The primary goal of hormone therapy (ADT) is to remove as much of the testosterone from your body as possible to weaken your prostate cancer. Prostate cancer needs androgens, primarily testosterone to grow and strengthen, first-line hormone therapy (ADT) is used to stop or reduce the production of testicular androgens.
To evaluate the effectiveness of ADT, we measure the levels of testosterone in the blood; historically our goal is to get the levels below 50 ng/ml. Fifty ng/ml (50) should be considered an old value. Oncologists who specialize in the treatment of advanced prostate cancer recognize the fact that you want to be at least 20 ng/ml or below to have full and the most effective clinical benefit afforded by castration.

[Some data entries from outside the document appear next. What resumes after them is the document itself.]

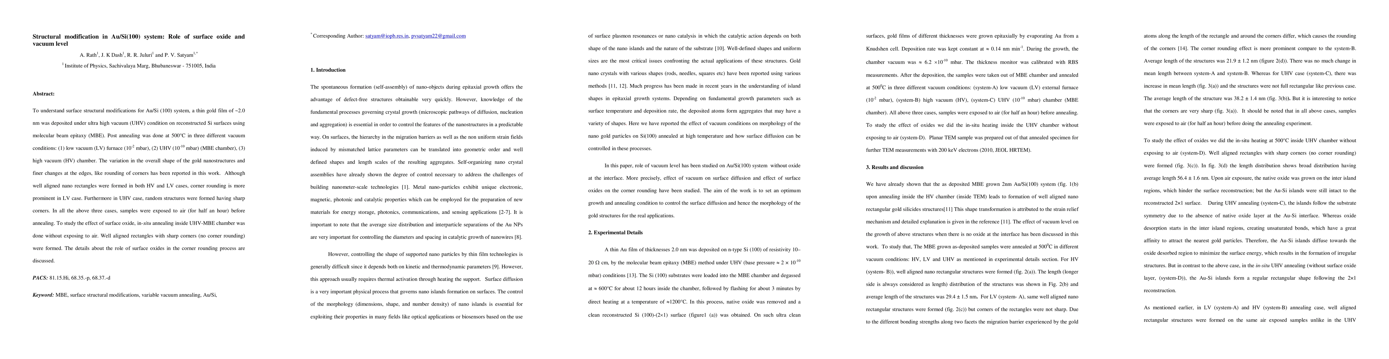 This study investigates the structural modifications in Au/Si (100) thin films under different vacuum conditions, revealing that corner rounding in nanostructures is influenced by surface oxides and vacuum levels. In-situ annealing in UHV without air exposure produced sharp-cornered rectangles, indicating the role of surface oxides in the corner rounding process.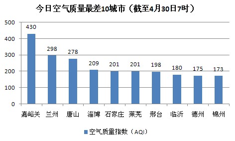 人民网北京4月30日电(记者蒋琪) 根据环保部公布的最新数据,今天嘉峪关的AQI(空气质量指数)达到430,成为161个参与空气质量排名的城市中空气质量最差的城市。截至今天早上7时,今日空气质量最差的10个城市分别是嘉峪关、兰州、唐山、淄博、石家庄、莱芜、邢台、临沂、德州、银川,其中兰州、唐山、淄博、石家庄、莱芜为重度及重度以上污染的城市。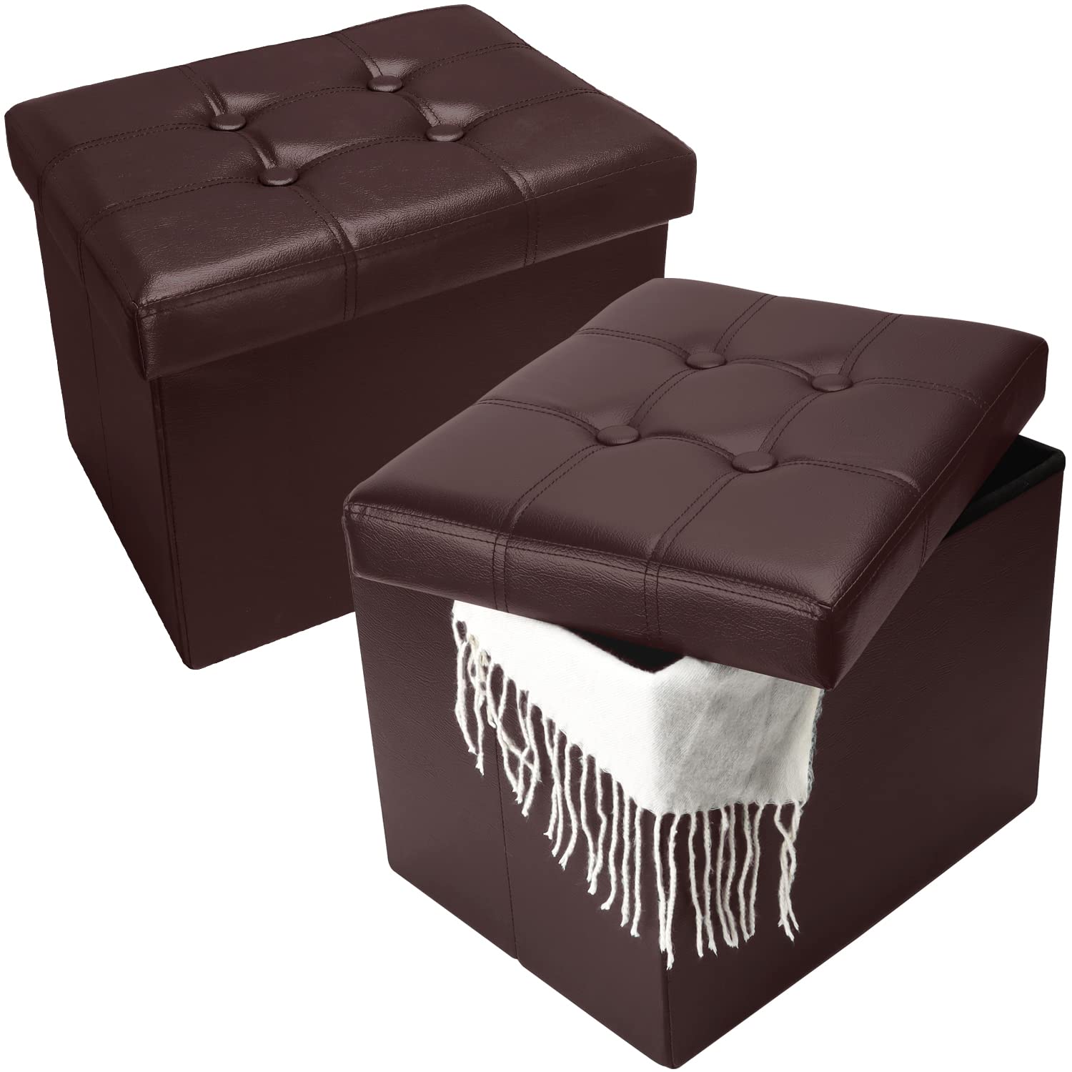 • COMFORTABLE & DURABLE SEAT: High resilient sponge padded, cover elegant and durable faux leather, these square ottomans will bring you Superior sitting experience; soft Corners protect you and Your families from bumps.

The data from Moretti and also from Perachino as well as the results of some Canadian data which included six to seven hundred men (600-700) who were on ADT for at least six months showed quite clearly that if you reached a castration level between 50 and 35, you did worse than if you reached a level between 35 and 20. And the group of men who did best regarding survival was those who got down below 20 ng/ml.
Ask that your doctor regularly monitors your testosterone levels to be sure that you reach the ultimate goal, having a testosterone level below 20 ng/ml. If you fail to achieve this goal, ask that your doctor switch your treatment to another alternate drug or treatment modality
The lower you can go, the better.
This post is written by Joel T Nowak, MA, MSW.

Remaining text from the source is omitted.